• INFORMATION
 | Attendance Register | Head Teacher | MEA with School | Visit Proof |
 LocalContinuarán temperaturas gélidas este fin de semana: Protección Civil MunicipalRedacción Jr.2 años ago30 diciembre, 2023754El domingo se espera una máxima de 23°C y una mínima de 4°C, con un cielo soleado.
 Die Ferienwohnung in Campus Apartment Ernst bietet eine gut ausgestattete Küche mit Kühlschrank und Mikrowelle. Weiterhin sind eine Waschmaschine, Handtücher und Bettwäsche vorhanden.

* * *

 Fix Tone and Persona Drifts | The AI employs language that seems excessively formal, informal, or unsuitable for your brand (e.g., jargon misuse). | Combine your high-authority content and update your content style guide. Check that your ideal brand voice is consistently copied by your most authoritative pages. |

==

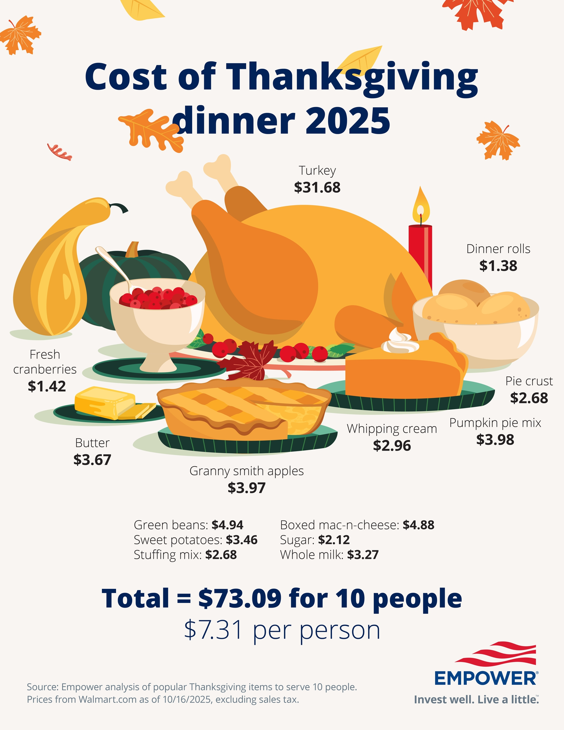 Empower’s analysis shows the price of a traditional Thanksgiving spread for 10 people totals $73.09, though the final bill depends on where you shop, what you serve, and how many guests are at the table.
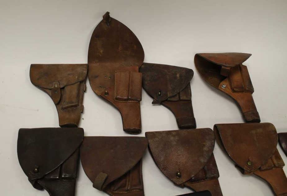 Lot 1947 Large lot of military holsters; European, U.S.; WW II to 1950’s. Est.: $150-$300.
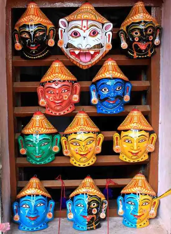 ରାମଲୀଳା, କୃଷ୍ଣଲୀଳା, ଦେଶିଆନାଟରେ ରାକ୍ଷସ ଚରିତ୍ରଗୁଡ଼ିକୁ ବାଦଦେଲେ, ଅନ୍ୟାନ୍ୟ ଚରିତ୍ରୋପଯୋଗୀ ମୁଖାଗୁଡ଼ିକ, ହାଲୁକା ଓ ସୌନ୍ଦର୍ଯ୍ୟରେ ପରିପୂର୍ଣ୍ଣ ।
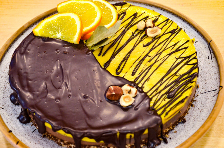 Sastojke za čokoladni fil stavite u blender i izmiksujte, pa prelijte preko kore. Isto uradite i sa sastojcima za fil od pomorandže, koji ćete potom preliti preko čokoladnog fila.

• WHAT YOU WILL DO
Retype the entries above exactly, but only from the line containing "Visit Proof |" through the line containing "LocalContinuarán temperaturas gélidas", both included.

• EXERCISE RESULT
 | Attendance Register | Head Teacher | MEA with School | Visit Proof |
 LocalContinuarán temperaturas gélidas este fin de semana: Protección Civil MunicipalRedacción Jr.2 años ago30 diciembre, 2023754El domingo se espera una máxima de 23°C y una mínima de 4°C, con un cielo soleado.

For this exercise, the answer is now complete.